Harvard Business Review – The Indispensable Power of Story
April 18, 2014
By Anthony Tjan
Some people have a way of making the complex clear. They know who they are, why they do what they do, and where they want to go. Because they have internalized all this, they are able to sharply crystallize ideas and vision. They speak in simple, relatable terms. And they can get a lot accomplished.
Making your words understandable and inspirational isn’t about dumbing them down. Instead, it requires bringing in elements such as anecdote, mnemonic, metaphor, storytelling, and analogy in ways that connect the essence of a message with both logic and emotion. Almost everyone leading or creating has a vision, but the challenge is often expressing it in ways that relate and connect. Quick, think of some former Presidents of the United States and presidential candidates. Which ones are most memorable? Which ones are most likable? Which ones won? The leaders who stick in your mind are likely the ones who humanize their message and deliver it in ways that connect with everyone at some level, in turn inspiring others to relate to them while better appreciating the mission at hand.
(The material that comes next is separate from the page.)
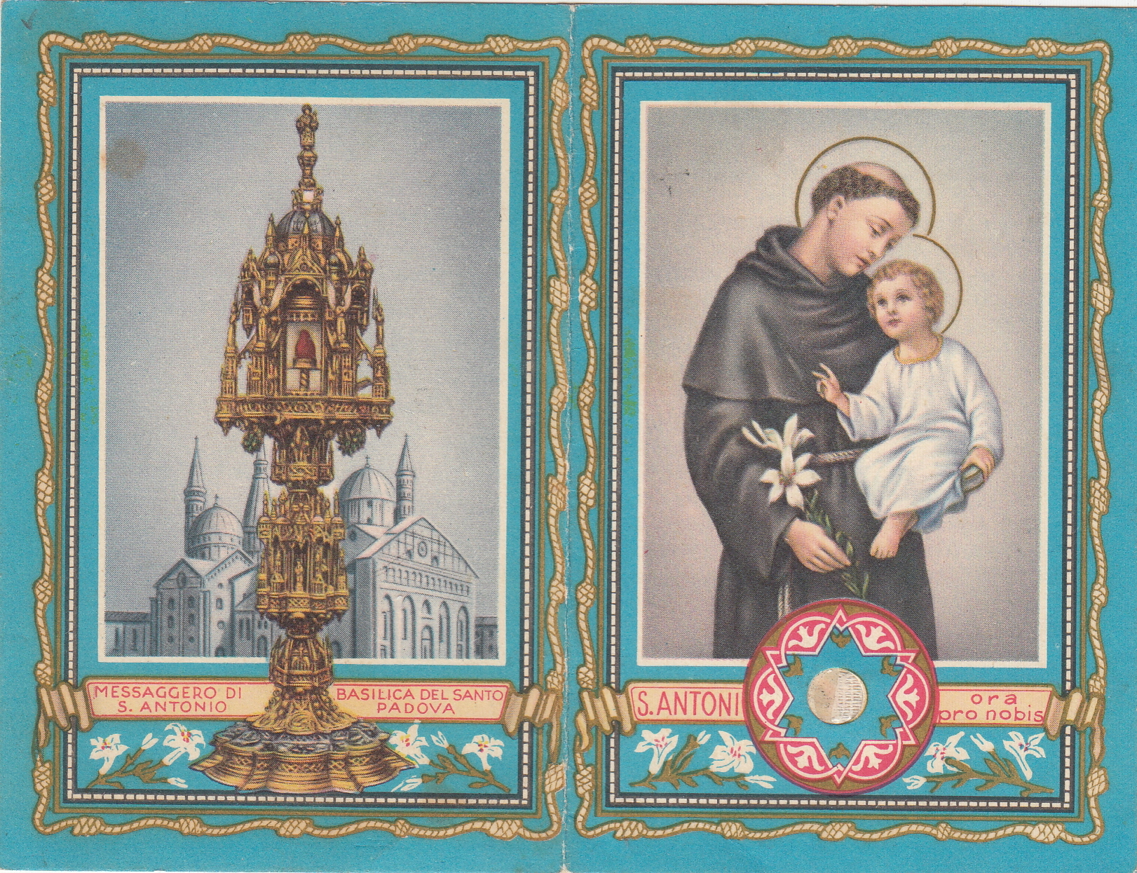 Brauner Druck mit Sekundär-Reliquie (“ex indumentis”) um 1956, 4 Seiten, 124 x 77 mm, etwas gebrauchsspurig. Innen kleines Papiersiegel, Texte in italienisch.

I have enormous respect for poets and writers who are able to touch our souls and enhance our understanding of concepts and ideas by writing simply and straightforwardly. Take, for example, Arthur Miller’s Death of a Salesman — the tale of a tragic hero, Willy Loman, whose fallibility lies in his lack of self-awareness. The play’s enduring power comes from its straightforward telling of the human story — our aspirations and disappointments and how we deal with them. There is something in it for almost everyone to relate to.